Wearing a lavender wife-beater and white tight-but-loose pants makes me feel like a girl. When I look in the mirror at the hot body that just grows naturally, no matter what I feel inside, I feel a combination of admiration and horror. I feel angry and overwhelmed by the beauty that is mine, that I cannot control. It stands out, asks to be touched and grabbed. It is independent. It is something separate and fleeting and sad.
It is not me.
And yet, for a moment, it was. When I knew love and passion again with a physically beautiful person who owned their own attractiveness as little as I own mine. And now they’re gone, and I’m a girl dressed in lavender pastel, alone again.
Why bother? Why be amiable and attractive, lean and lithe? It has gotten me nowhere other than a computer-full of stories.
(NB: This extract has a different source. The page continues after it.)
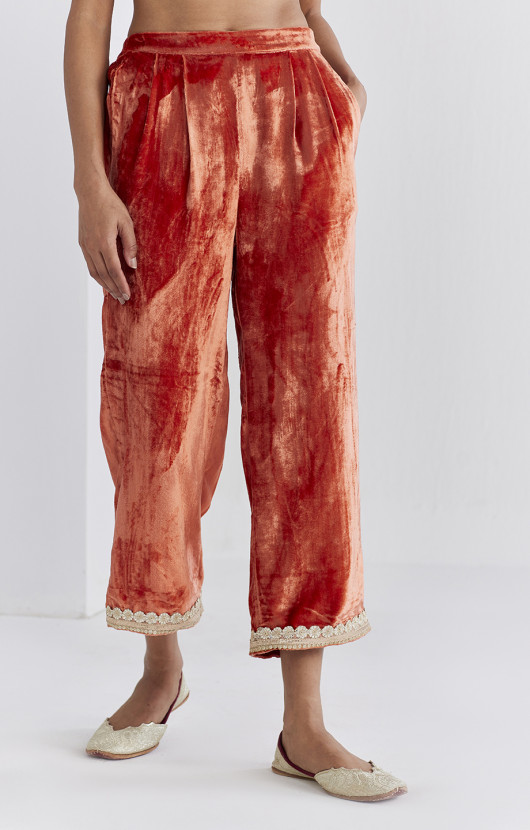 Nobody said that velvet is limited to glamorous kurtas and tops when you can level up your style quotient with a pair of stunning velvet pants. Velvet pants are the new in, suitable for traditional and western wear alike. Have a family wedding to attend? Flaunt our maroon velvet pants with bottom embroidery along with a matching velvet kurta for a monochrome outfit. Finish this look with a pair of Kundan earrings and embellished juttis.

It is empty and shallow, just like the city I’ve made my life in.
I love it and hate it. loathe it and fear it. need it and feed off it.
Life is but an ongoing addiction of one fix after another, all in a pursuit of an ultimate high that can only be resolved, in one fleeting moment, at death. When one realizes that it was all pointless, and it would have been more fulfilling to believe in a heaven and hell anyway. That’s where religion originated. Out of a need to learn the definition to an unknown word.
There is nothing to live for but the moment, and an ever-elusive future that promises a better something.
I will get there someday. In my dreams, if nowhere else.